2.4. Fourier Transform Infrared Spectroscopy

The infrared spectra of the hydrogel samples were obtained in Attenuated Total Reflectance (ATR) geometry by using a Bruker Vertex 70 spectrometer (Germany) equipped with a Specac™ ATR unit. The sample surface was scanned, with a resolution of 2 cm⁻¹ in the 4000 cm⁻¹–600 cm⁻¹ range of wavenumber. The peaks of interest were resolved by Fourier self-deconvolution and curve-fitting with Voigt function, where the number and position of the component bands were taken from the second derivative of the spectra. The fractional area of the curve-fitted component was used to determine the percentage of the secondary structure elements of BSA. The difference spectra [hydrogel + BSA]—[control] and [hydrogel + BSA]—[BSA] were calculated using the wagging vibration of the combined C-O + C-C bonds at 844 cm⁻¹ as internal standard. All operations were performed with OPUS 6.6 software from Bruker GmBH.

2.5. Rheological Investigation

The rheological measurements were carried out by using a MCR 302 Anton Paar rheometer (Graz, Austria), equipped with plane–plane geometry (an upper plate diameter of 50 mm, gap of 500 μm) and a Peltier device for temperature control. In order to limit the experimental errors, an anti-evaporation device was used to create a saturated atmosphere of solvent in the neighborhood of the sample. Prior to samples formulation, a preliminary rheological study was conducted for various PVA/PULL mixtures as solutions or physical networks in order to select the most suitable composition for hydrogel preparation. The results will be published elsewhere.

The rheological behavior of hydrogels was studied at 37 °C in oscillatory shear conditions. The linear range of viscoelasticity was determined using preliminary amplitude sweep tests. The viscoelastic moduli, G′ and G″, and the loss tangent (tanδ) were determined in frequency sweep experiments for oscillation frequencies (ω) varying from 0.1 rad/s to 100 rad/s (at constant deformation, γ, of 1%). G’ is the elastic modulus; it is a measure of the stored energy over one cycle of deformation. G″ is the viscous modulus, and gives indication of the dissipated energy over one cycle of deformation. The G″/G′ ratio is the loss tangent and states the degree of viscoelasticity of the sample.

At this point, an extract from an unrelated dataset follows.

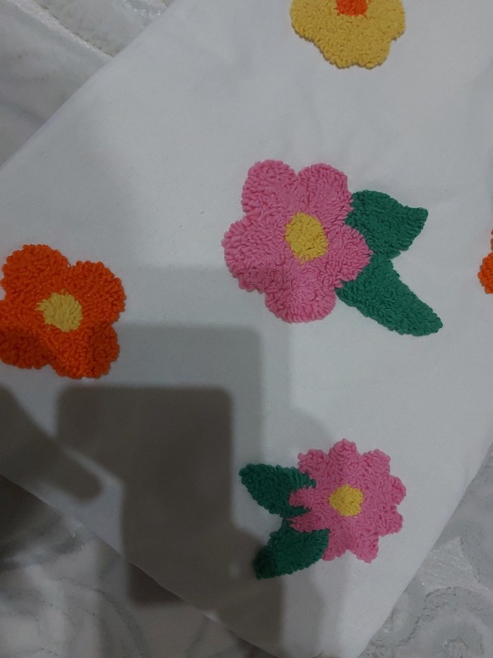 Çiçek Desenli Pastel Renkli punch işlemesi çanta ASTARLI

The shear viscosity (η) was measured in stationary flow conditions for different shear rate ($\dot{\gamma }$) values ranging from 0.01 s⁻¹ to 100 s⁻¹.

2.6. Swelling Behavior

The swelling of hydrogels was studied at 37 °C in PBS (pH = 7.4) for samples that were previously freeze-dried. After checking the exact weight of the dry sample (m_o), it was immersed in buffer solution. The hydrogel was taken out at different time intervals and its weight was determined (m_t). The tests were repeated three times for each sample.

The swelling degree (S) is defined as the ratio between the solvent weight in the swollen sample at a given time t (m_t) and the weight of the corresponding dried sample (m_o):

$$S=\frac{m_t-m_o}{m_o}\cdot 100(\%)$$

(1)

Disintegration of the networks was checked after four weeks of swelling in PBS at temperature of 37 °C. The samples were dried and their weight was monitored until a constant value was reached (m_dry). The mass loss of each hydrogel was determined as:

$$\mathit{Hydrogel} \mathit{mass} \mathit{loss}=\frac{m_o-m_{dry}}{m_o}\cdot 100 (\%)$$

(2)

2.7. Delivery

The drug-loaded hydrogel samples were prepared by adding 0.5% wt. neomycin to the polymer/protein/peptide solutions (composition given in Table 1) under continuous stirring. The amount of loaded drug was carefully chosen [14,46], taking into account the pharmaceutical prescriptions [46] as well as the adverse effects or local toxicity [47]. The hydrogel samples were prepared by using the same freezing/thawing method mentioned above (Section 2.2). In this way, the neomycin molecules were effectively entrapped in the network. Furthermore, a quantity of the absorbed drug could be efficiently distributed in the tissues, contributing to accelerated wound healing [10].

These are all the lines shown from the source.